Requirement ▸ A word-for-word repetition of all the entries is needed.

- - -

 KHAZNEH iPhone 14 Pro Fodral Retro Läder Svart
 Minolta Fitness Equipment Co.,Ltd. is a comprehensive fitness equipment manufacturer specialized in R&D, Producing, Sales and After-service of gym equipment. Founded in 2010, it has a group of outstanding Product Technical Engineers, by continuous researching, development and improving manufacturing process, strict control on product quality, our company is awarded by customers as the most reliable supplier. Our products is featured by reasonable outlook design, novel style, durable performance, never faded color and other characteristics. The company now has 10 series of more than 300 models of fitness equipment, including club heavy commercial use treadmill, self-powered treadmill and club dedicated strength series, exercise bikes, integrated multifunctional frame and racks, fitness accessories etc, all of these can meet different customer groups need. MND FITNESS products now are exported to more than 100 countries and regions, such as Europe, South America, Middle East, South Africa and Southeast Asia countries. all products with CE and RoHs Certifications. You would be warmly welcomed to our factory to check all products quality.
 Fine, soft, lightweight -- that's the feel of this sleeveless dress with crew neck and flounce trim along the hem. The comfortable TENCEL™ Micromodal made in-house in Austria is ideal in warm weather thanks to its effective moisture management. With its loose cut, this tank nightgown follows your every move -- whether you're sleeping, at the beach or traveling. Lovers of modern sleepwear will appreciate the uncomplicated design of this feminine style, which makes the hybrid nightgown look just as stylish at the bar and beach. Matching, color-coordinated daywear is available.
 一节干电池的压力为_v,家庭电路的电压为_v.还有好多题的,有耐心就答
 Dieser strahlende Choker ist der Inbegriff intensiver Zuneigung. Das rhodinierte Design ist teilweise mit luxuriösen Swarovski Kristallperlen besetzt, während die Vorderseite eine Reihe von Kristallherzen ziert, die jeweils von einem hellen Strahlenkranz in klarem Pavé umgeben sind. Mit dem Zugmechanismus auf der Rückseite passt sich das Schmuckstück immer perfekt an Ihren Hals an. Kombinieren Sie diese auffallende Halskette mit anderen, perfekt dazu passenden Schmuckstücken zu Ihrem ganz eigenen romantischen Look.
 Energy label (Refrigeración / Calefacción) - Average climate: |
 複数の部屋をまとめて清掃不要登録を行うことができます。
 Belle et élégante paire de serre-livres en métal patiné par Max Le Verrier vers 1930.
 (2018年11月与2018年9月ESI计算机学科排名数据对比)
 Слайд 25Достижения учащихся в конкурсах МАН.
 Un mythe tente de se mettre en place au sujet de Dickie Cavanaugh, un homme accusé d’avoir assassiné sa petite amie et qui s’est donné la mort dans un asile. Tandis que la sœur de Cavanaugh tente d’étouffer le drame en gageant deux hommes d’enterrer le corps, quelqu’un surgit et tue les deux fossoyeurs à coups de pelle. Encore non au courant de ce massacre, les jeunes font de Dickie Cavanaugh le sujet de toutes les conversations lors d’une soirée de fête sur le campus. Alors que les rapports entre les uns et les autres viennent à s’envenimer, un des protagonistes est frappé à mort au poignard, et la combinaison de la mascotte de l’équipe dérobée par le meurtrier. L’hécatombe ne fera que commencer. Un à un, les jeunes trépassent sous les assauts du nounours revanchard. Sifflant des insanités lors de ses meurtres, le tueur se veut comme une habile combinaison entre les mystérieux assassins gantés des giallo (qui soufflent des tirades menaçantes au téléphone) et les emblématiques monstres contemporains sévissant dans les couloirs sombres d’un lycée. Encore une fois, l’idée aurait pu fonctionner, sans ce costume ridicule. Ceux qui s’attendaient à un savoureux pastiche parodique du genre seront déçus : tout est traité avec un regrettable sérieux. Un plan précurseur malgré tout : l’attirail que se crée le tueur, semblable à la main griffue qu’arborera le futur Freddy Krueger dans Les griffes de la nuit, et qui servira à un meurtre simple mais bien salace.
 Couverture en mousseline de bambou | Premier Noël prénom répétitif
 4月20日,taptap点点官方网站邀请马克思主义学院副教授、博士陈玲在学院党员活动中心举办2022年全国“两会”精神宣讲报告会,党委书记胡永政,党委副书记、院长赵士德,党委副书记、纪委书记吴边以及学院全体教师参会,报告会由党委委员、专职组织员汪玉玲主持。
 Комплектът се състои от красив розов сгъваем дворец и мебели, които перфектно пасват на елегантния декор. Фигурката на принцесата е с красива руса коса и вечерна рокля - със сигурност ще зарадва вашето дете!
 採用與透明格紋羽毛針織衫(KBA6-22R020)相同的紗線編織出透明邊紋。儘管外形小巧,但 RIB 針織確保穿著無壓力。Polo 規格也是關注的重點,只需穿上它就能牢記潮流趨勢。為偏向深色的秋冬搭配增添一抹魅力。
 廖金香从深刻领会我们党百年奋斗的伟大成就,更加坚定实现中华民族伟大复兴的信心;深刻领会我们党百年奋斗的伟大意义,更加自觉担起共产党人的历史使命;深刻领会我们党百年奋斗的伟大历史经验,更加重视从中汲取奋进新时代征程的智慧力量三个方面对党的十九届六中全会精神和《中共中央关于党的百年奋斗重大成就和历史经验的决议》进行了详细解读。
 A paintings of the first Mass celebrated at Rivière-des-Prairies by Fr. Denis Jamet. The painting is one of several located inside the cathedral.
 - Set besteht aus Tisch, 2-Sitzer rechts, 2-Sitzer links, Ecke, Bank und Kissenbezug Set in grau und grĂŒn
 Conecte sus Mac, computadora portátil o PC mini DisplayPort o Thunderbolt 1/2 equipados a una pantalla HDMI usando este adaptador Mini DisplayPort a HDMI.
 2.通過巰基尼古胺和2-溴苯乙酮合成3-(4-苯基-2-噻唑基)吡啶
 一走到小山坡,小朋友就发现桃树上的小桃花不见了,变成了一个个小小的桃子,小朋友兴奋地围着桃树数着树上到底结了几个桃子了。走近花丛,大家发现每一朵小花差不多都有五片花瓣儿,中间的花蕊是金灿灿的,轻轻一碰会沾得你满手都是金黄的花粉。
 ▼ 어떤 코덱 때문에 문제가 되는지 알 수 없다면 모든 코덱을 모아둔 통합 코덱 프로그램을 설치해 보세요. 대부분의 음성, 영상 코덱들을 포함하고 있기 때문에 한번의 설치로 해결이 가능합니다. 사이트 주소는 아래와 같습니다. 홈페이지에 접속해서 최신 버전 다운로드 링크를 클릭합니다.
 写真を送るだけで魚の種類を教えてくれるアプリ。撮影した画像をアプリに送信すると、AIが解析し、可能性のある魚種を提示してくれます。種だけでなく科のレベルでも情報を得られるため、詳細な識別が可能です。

- - -

Written response ▸
 KHAZNEH iPhone 14 Pro Fodral Retro Läder Svart
 Minolta Fitness Equipment Co.,Ltd. is a comprehensive fitness equipment manufacturer specialized in R&D, Producing, Sales and After-service of gym equipment. Founded in 2010, it has a group of outstanding Product Technical Engineers, by continuous researching, development and improving manufacturing process, strict control on product quality, our company is awarded by customers as the most reliable supplier. Our products is featured by reasonable outlook design, novel style, durable performance, never faded color and other characteristics. The company now has 10 series of more than 300 models of fitness equipment, including club heavy commercial use treadmill, self-powered treadmill and club dedicated strength series, exercise bikes, integrated multifunctional frame and racks, fitness accessories etc, all of these can meet different customer groups need. MND FITNESS products now are exported to more than 100 countries and regions, such as Europe, South America, Middle East, South Africa and Southeast Asia countries. all products with CE and RoHs Certifications. You would be warmly welcomed to our factory to check all products quality.
 Fine, soft, lightweight -- that's the feel of this sleeveless dress with crew neck and flounce trim along the hem. The comfortable TENCEL™ Micromodal made in-house in Austria is ideal in warm weather thanks to its effective moisture management. With its loose cut, this tank nightgown follows your every move -- whether you're sleeping, at the beach or traveling. Lovers of modern sleepwear will appreciate the uncomplicated design of this feminine style, which makes the hybrid nightgown look just as stylish at the bar and beach. Matching, color-coordinated daywear is available.
 一节干电池的压力为_v,家庭电路的电压为_v.还有好多题的,有耐心就答
 Dieser strahlende Choker ist der Inbegriff intensiver Zuneigung. Das rhodinierte Design ist teilweise mit luxuriösen Swarovski Kristallperlen besetzt, während die Vorderseite eine Reihe von Kristallherzen ziert, die jeweils von einem hellen Strahlenkranz in klarem Pavé umgeben sind. Mit dem Zugmechanismus auf der Rückseite passt sich das Schmuckstück immer perfekt an Ihren Hals an. Kombinieren Sie diese auffallende Halskette mit anderen, perfekt dazu passenden Schmuckstücken zu Ihrem ganz eigenen romantischen Look.
 Energy label (Refrigeración / Calefacción) - Average climate: |
 複数の部屋をまとめて清掃不要登録を行うことができます。
 Belle et élégante paire de serre-livres en métal patiné par Max Le Verrier vers 1930.
 (2018年11月与2018年9月ESI计算机学科排名数据对比)
 Слайд 25Достижения учащихся в конкурсах МАН.
 Un mythe tente de se mettre en place au sujet de Dickie Cavanaugh, un homme accusé d’avoir assassiné sa petite amie et qui s’est donné la mort dans un asile. Tandis que la sœur de Cavanaugh tente d’étouffer le drame en gageant deux hommes d’enterrer le corps, quelqu’un surgit et tue les deux fossoyeurs à coups de pelle. Encore non au courant de ce massacre, les jeunes font de Dickie Cavanaugh le sujet de toutes les conversations lors d’une soirée de fête sur le campus. Alors que les rapports entre les uns et les autres viennent à s’envenimer, un des protagonistes est frappé à mort au poignard, et la combinaison de la mascotte de l’équipe dérobée par le meurtrier. L’hécatombe ne fera que commencer. Un à un, les jeunes trépassent sous les assauts du nounours revanchard. Sifflant des insanités lors de ses meurtres, le tueur se veut comme une habile combinaison entre les mystérieux assassins gantés des giallo (qui soufflent des tirades menaçantes au téléphone) et les emblématiques monstres contemporains sévissant dans les couloirs sombres d’un lycée. Encore une fois, l’idée aurait pu fonctionner, sans ce costume ridicule. Ceux qui s’attendaient à un savoureux pastiche parodique du genre seront déçus : tout est traité avec un regrettable sérieux. Un plan précurseur malgré tout : l’attirail que se crée le tueur, semblable à la main griffue qu’arborera le futur Freddy Krueger dans Les griffes de la nuit, et qui servira à un meurtre simple mais bien salace.
 Couverture en mousseline de bambou | Premier Noël prénom répétitif
 4月20日,taptap点点官方网站邀请马克思主义学院副教授、博士陈玲在学院党员活动中心举办2022年全国“两会”精神宣讲报告会,党委书记胡永政,党委副书记、院长赵士德,党委副书记、纪委书记吴边以及学院全体教师参会,报告会由党委委员、专职组织员汪玉玲主持。
 Комплектът се състои от красив розов сгъваем дворец и мебели, които перфектно пасват на елегантния декор. Фигурката на принцесата е с красива руса коса и вечерна рокля - със сигурност ще зарадва вашето дете!
 採用與透明格紋羽毛針織衫(KBA6-22R020)相同的紗線編織出透明邊紋。儘管外形小巧,但 RIB 針織確保穿著無壓力。Polo 規格也是關注的重點,只需穿上它就能牢記潮流趨勢。為偏向深色的秋冬搭配增添一抹魅力。
 廖金香从深刻领会我们党百年奋斗的伟大成就,更加坚定实现中华民族伟大复兴的信心;深刻领会我们党百年奋斗的伟大意义,更加自觉担起共产党人的历史使命;深刻领会我们党百年奋斗的伟大历史经验,更加重视从中汲取奋进新时代征程的智慧力量三个方面对党的十九届六中全会精神和《中共中央关于党的百年奋斗重大成就和历史经验的决议》进行了详细解读。
 A paintings of the first Mass celebrated at Rivière-des-Prairies by Fr. Denis Jamet. The painting is one of several located inside the cathedral.
 - Set besteht aus Tisch, 2-Sitzer rechts, 2-Sitzer links, Ecke, Bank und Kissenbezug Set in grau und grĂŒn
 Conecte sus Mac, computadora portátil o PC mini DisplayPort o Thunderbolt 1/2 equipados a una pantalla HDMI usando este adaptador Mini DisplayPort a HDMI.
 2.通過巰基尼古胺和2-溴苯乙酮合成3-(4-苯基-2-噻唑基)吡啶
 一走到小山坡,小朋友就发现桃树上的小桃花不见了,变成了一个个小小的桃子,小朋友兴奋地围着桃树数着树上到底结了几个桃子了。走近花丛,大家发现每一朵小花差不多都有五片花瓣儿,中间的花蕊是金灿灿的,轻轻一碰会沾得你满手都是金黄的花粉。
 ▼ 어떤 코덱 때문에 문제가 되는지 알 수 없다면 모든 코덱을 모아둔 통합 코덱 프로그램을 설치해 보세요. 대부분의 음성, 영상 코덱들을 포함하고 있기 때문에 한번의 설치로 해결이 가능합니다. 사이트 주소는 아래와 같습니다. 홈페이지에 접속해서 최신 버전 다운로드 링크를 클릭합니다.
 写真を送るだけで魚の種類を教えてくれるアプリ。撮影した画像をアプリに送信すると、AIが解析し、可能性のある魚種を提示してくれます。種だけでなく科のレベルでも情報を得られるため、詳細な識別が可能です。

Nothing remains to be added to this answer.